** Opening Source data block **

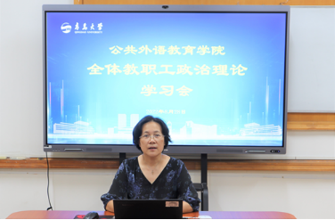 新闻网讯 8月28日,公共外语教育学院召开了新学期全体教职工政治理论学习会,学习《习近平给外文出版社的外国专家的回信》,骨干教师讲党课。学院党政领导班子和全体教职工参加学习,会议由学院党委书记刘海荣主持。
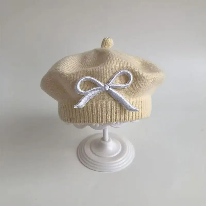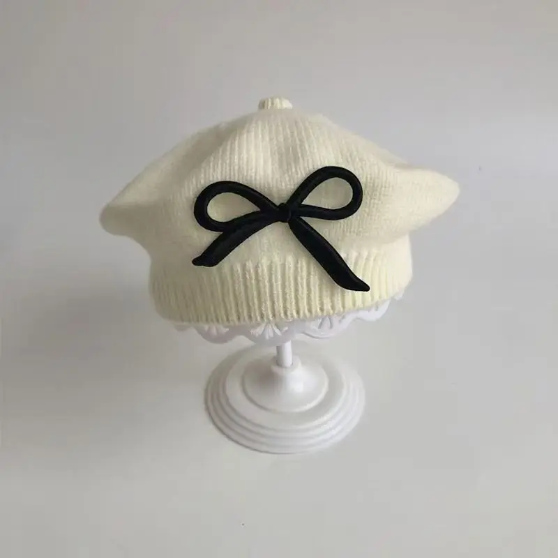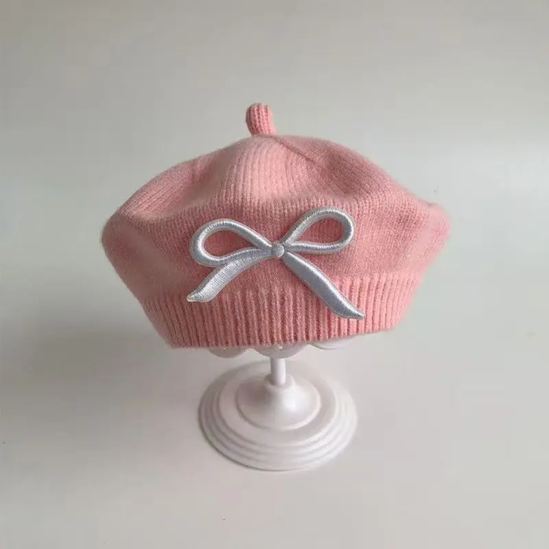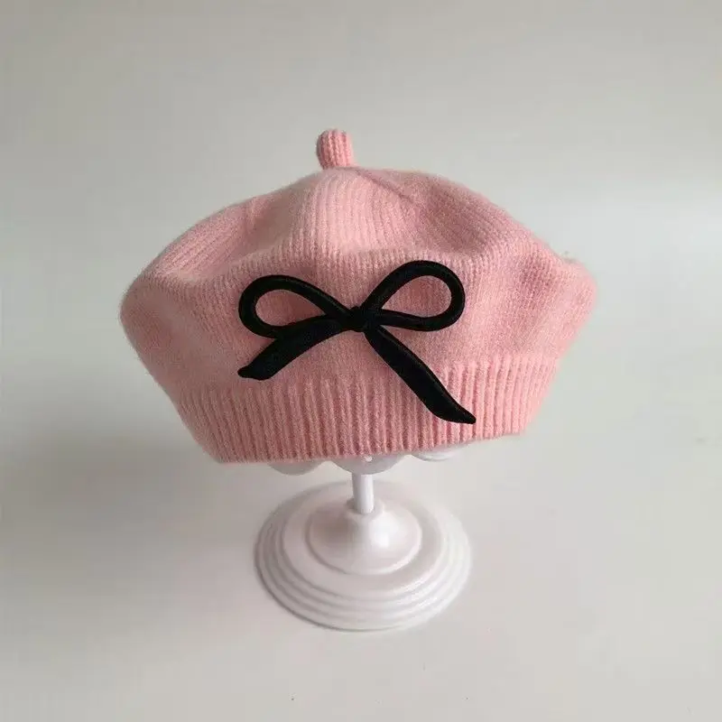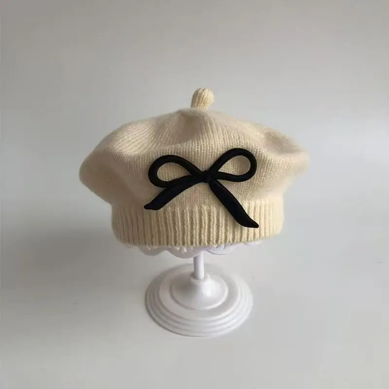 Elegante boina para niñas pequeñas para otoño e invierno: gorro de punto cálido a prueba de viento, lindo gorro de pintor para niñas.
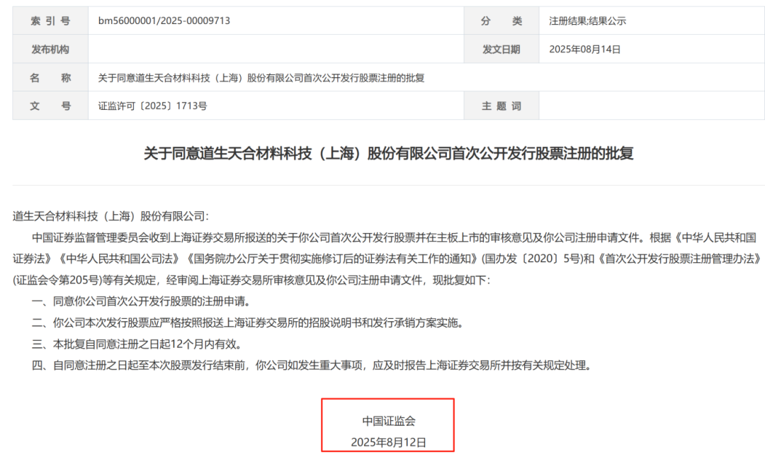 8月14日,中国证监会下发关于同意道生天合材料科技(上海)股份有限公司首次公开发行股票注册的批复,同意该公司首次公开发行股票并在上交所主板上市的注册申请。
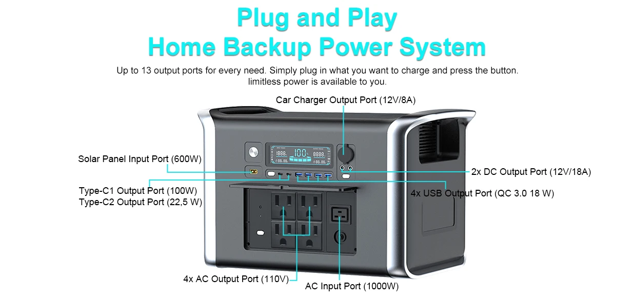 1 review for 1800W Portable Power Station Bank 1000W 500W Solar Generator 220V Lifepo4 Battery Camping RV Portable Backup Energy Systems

** Closing Source data block **

Task objective:
Strip out the pictures and repeat the listing above exactly.

Written solution:
 新闻网讯 8月28日,公共外语教育学院召开了新学期全体教职工政治理论学习会,学习《习近平给外文出版社的外国专家的回信》,骨干教师讲党课。学院党政领导班子和全体教职工参加学习,会议由学院党委书记刘海荣主持。
 Elegante boina para niñas pequeñas para otoño e invierno: gorro de punto cálido a prueba de viento, lindo gorro de pintor para niñas.
 8月14日,中国证监会下发关于同意道生天合材料科技(上海)股份有限公司首次公开发行股票注册的批复,同意该公司首次公开发行股票并在上交所主板上市的注册申请。
 1 review for 1800W Portable Power Station Bank 1000W 500W Solar Generator 220V Lifepo4 Battery Camping RV Portable Backup Energy Systems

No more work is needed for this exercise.